_Try it_
Look through the material below. Return exactly the lines from the one with "of the day." through the one with "自 LayaAir 3.1", both included.

_Information given_
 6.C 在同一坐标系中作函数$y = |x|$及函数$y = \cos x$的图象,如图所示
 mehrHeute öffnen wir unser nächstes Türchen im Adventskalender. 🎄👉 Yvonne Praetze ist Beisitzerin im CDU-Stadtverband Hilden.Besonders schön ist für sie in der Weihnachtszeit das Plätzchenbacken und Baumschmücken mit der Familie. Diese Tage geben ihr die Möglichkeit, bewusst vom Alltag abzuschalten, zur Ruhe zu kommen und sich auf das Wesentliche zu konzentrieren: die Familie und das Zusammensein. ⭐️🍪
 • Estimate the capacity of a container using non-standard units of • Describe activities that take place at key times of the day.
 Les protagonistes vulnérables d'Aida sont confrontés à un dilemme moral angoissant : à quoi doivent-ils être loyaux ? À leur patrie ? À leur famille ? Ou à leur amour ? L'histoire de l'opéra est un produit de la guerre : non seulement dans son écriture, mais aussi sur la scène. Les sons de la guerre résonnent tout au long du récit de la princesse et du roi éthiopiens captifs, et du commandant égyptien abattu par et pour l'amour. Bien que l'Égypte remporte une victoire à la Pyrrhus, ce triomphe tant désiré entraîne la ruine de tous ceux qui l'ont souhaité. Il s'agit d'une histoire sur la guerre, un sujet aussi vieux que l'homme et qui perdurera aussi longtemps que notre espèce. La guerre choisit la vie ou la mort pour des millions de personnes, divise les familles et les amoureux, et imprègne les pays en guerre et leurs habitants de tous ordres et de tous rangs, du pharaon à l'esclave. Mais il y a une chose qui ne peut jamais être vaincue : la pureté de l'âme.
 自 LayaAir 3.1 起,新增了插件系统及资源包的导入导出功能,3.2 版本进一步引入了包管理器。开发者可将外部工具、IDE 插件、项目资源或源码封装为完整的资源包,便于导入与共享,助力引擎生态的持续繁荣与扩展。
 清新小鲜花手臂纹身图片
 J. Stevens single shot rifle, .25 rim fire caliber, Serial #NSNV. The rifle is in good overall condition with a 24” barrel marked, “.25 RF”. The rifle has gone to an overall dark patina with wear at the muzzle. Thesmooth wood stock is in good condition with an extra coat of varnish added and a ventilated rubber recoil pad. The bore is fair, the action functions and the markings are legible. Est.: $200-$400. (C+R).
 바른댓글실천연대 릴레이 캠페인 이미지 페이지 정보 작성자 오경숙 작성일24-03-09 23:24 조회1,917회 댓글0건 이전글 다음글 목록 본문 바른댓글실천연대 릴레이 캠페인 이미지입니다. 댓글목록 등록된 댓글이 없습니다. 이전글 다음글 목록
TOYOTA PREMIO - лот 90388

_Output for this task_
 • Estimate the capacity of a container using non-standard units of • Describe activities that take place at key times of the day.
 Les protagonistes vulnérables d'Aida sont confrontés à un dilemme moral angoissant : à quoi doivent-ils être loyaux ? À leur patrie ? À leur famille ? Ou à leur amour ? L'histoire de l'opéra est un produit de la guerre : non seulement dans son écriture, mais aussi sur la scène. Les sons de la guerre résonnent tout au long du récit de la princesse et du roi éthiopiens captifs, et du commandant égyptien abattu par et pour l'amour. Bien que l'Égypte remporte une victoire à la Pyrrhus, ce triomphe tant désiré entraîne la ruine de tous ceux qui l'ont souhaité. Il s'agit d'une histoire sur la guerre, un sujet aussi vieux que l'homme et qui perdurera aussi longtemps que notre espèce. La guerre choisit la vie ou la mort pour des millions de personnes, divise les familles et les amoureux, et imprègne les pays en guerre et leurs habitants de tous ordres et de tous rangs, du pharaon à l'esclave. Mais il y a une chose qui ne peut jamais être vaincue : la pureté de l'âme.
 自 LayaAir 3.1 起,新增了插件系统及资源包的导入导出功能,3.2 版本进一步引入了包管理器。开发者可将外部工具、IDE 插件、项目资源或源码封装为完整的资源包,便于导入与共享,助力引擎生态的持续繁荣与扩展。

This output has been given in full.